You can leave a buffer of invisible null characters ('\0') at the insertion location to be overwritten later:
num_names = 1_000_000 # Enough data to make storing in a list unideal
max_len = 20 # The maximum allowed length of the inserted line
line_to_insert = 2 # The third line is at index 2 (0-based indexing)
with open(filename, 'w+') as file:
for i in range(line_to_insert):
name = get_name(i) # Returns 'Alfred' for i = 0, etc.
file.write(F'{i + 1}. {name}\n')
insert_position = file.tell() # Position to jump back to for insertion
file.write('\0' * max_len + '\n') # Buffer will show up as a blank line
for i in range(line_to_insert, num_names):
name = get_name(i)
file.write(F'{i + 2}. {name}\n') # Line numbering now bumped up by 1.

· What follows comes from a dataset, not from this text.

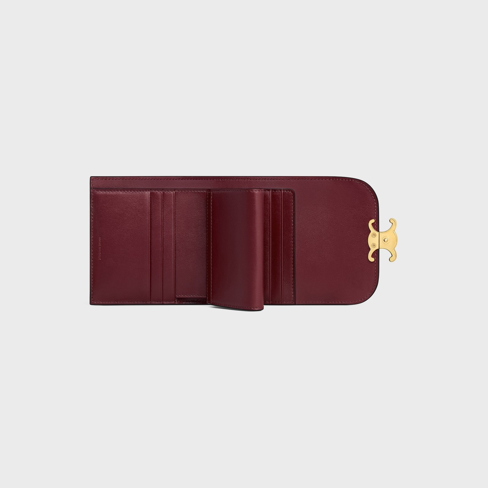 Be the first to review “SMALL FLAP WALLER TRIOMPHE IN SHINY CALFSKIN LIGHT BURGUNDY” Cancel reply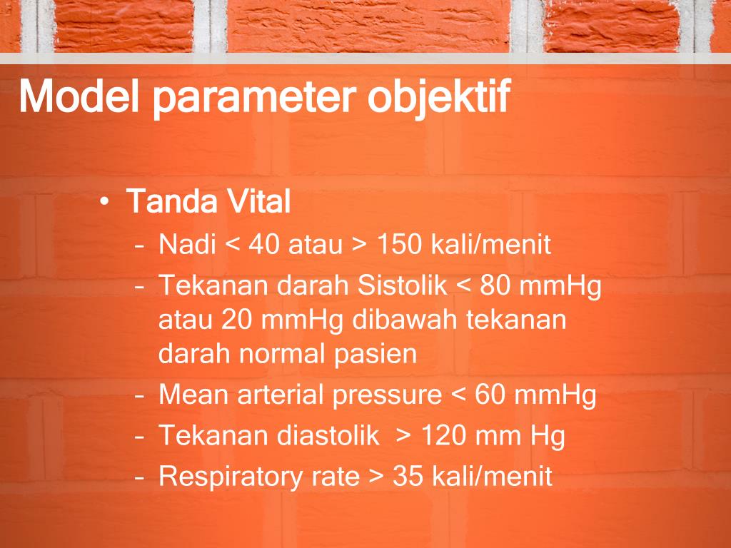 Model parameter objektif • Tanda Vital • Nadi < 40 atau > 150 kali/menit • TekanandarahSistolik < 80 mmHg atau 20 mmHg dibawahtekanandarah normal pasien • Mean arterial pressure < 60 mmHg • Tekanandiastolik > 120 mm Hg • Respiratory rate > 35 kali/menit

# Later, once you have the name to insert...
with open(filename, 'r+') as file: # Must use 'r+' to write to middle of file
file.seek(insert_position) # Move stream to the insertion line
name = get_bonus_name() # This lucky winner jumps up to 3rd place
new_line = F'{line_to_insert + 1}. {name}'
file.write(new_line[:max_len]) # Slice so you don't overwrite next line
Unfortunately there is no way to delete-without-replacement any excess null characters that did not get overwritten (or in general any characters anywhere in the middle of a file), unless you then re-write everything that follows. But the null characters will not affect how your file looks to a human (they have zero width).